376	   Note that the DualQ Coupled AQM only reads these classifiers, it MUST
377	   NOT re-mark or alter these identifiers (except for marking the ECN
378	   field with the CE codepoint - with increasing frequency to indicate
379	   increasing congestion).

381	2.4.  Overall DualQ Coupled AQM Structure

383	   Figure 1 shows the overall structure that any DualQ Coupled AQM is
384	   likely to have.  This schematic is intended to aid understanding of
385	   the current designs of DualQ Coupled AQMs.  However, it is not
386	   intended to preclude other innovative ways of satisfying the
387	   normative requirements in Section 2.5 that minimally define a DualQ
388	   Coupled AQM.

390	   The classifier on the left separates incoming traffic between the two
391	   queues (L and C).  Each queue has its own AQM that determines the
392	   likelihood of dropping or marking (p_L and p_C).  Nonetheless, the
393	   AQM for Classic traffic is implemented in two stages: i) a base stage
394	   that outputs an internal probability p' (pronounced p-prime); and ii)
395	   a squaring stage that outputs p_C, where

397	       p_C = (p')^2.                        (2)

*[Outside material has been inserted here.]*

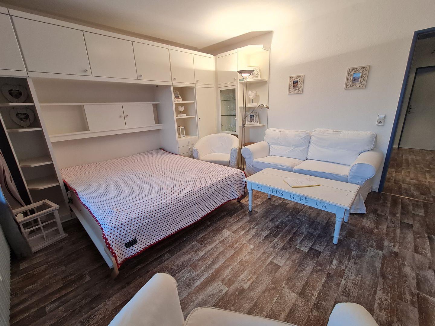 Die Ferienwohnung verfügt über einen großen, möblierten Süd-West-Balkon, ein Wohnzimmer, ein Schlafzimmer, eine vollausgestattete Küche sowie ein Tageslicht Duschbad. Das lichtdurchflutete Wohnzimmer ist mit einer gemütlichen Sitzecke mit LCD-TV (Kabel), DVD-Player sowie Radio mit CD-Player und einem Schrankbett für zwei weitere Plätze ausgestattet. In der Küche finden Sie neben einem Herd, Backofen, Toaster und Kühlschrank mit Gefrierfach, Kaffeemaschine, Wasserkocher, Geschirr, Töpfe und Besteck einen Esstisch mit zwei Stühlen und zwei Klappstühlen. Im Schlafzimmer steht Ihnen ein Doppelbett und ein großer Kleiderschrank zur Verfügung. Alle Räume sind gemütlich und geschmackvoll eingerichtet. Auf dem mit Gartenmöbeln ausgestatteten Balkon können Sie bei einem Glas Wein oder einem Abendbrot den Sonnenuntergang bewundern. WLAN kann kostenlos genutzt werden.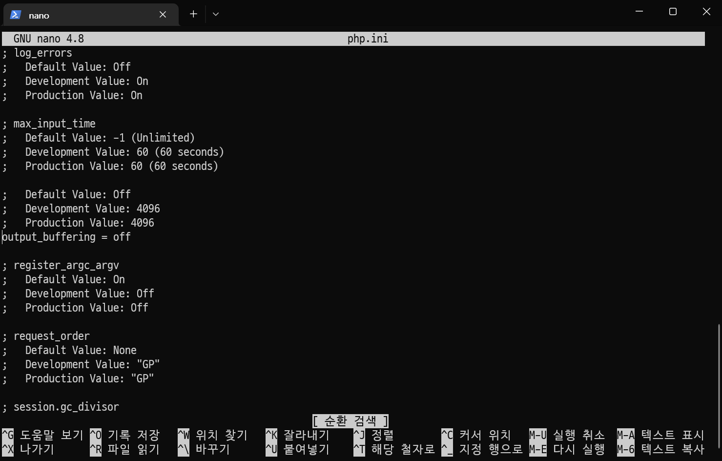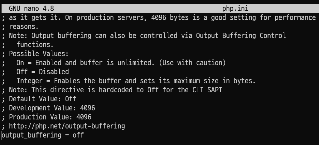 output_buffering 을 검색하여 총 두개의 옵션을 찾아냈다.

399	   This allows p_L to be coupled to p_C by marking L4S traffic
400	   proportionately to the intermediate output from the first stage.
401	   Specifically, the output of the base AQM is coupled across to the L
402	   queue in proportion to the output of the base AQM:

404	       p_CL = k*p',                         (3)

406	   where k is the constant coupling factor (see Appendix C) and p_CL is
407	   the output from the coupling between the C queue and the L queue.

409	   It can be seen in the following that these two transformations of p'
410	   implement the required coupling given in equation (1) earlier.
411	   Substituting for p' from equation (3) into (2):

413	      p_C = ( p_CL / k )^2.

415	   The actual L4S marking probability p_L is the maximum of the coupled
416	   output (p_CL) and the output of a native L4S AQM (p'L), shown as
417	   '(MAX)' in the schematic.  While the output of the Native L4S AQM is
418	   high (p'L > p_CL) it will dominate the way L traffic is marked.  When
419	   the native L4S AQM output is lower, the way L traffic is marked will
420	   be driven by the coupling, that is p_L = p_CL.  So, whenever the
421	   coupling is needed, as required from equation (1):

423	      p_C = ( p_L / k )^2.

425	                           _________
426	                                  | |    ,------.
427	                        L4S queue | |===>| ECN  |
428	                       ,'| _______|_|    |marker|\
429	                     <'  |         |     `------'\\
430	                      //`'         v        ^ p_L \\
431	                     //        ,-------.    |      \\
432	                    //         |Native |p'L |       \\,.
433	                   //          |  L4S  |-->(MAX)    <  |   ___
434	      ,----------.//           |  AQM  |    ^ p_CL   `\|.'Cond-`.
435	      |  IP-ECN  |/            `-------'    |          / itional \
436	   ==>|Classifier|             ,-------.  (k*p')       [ priority]==>
437	      |          |\            |  Base |    |          \scheduler/
438	      `----------'\\           |  AQM  |--->:        ,'|`-.___.-'
439	                   \\          |       |p'  |      <'  |
440	                    \\         `-------'  (p'^2)    //`'
441	                     \\            ^        |      //
442	                      \\,.         |        v p_C //
443	                      <  | _________     .------.//
444	                       `\|   |      |    | Drop |/
445	                     Classic |queue |===>|/mark |
446	                           __|______|    `------'

448	   Legend: ===> traffic flow; ---> control dependency.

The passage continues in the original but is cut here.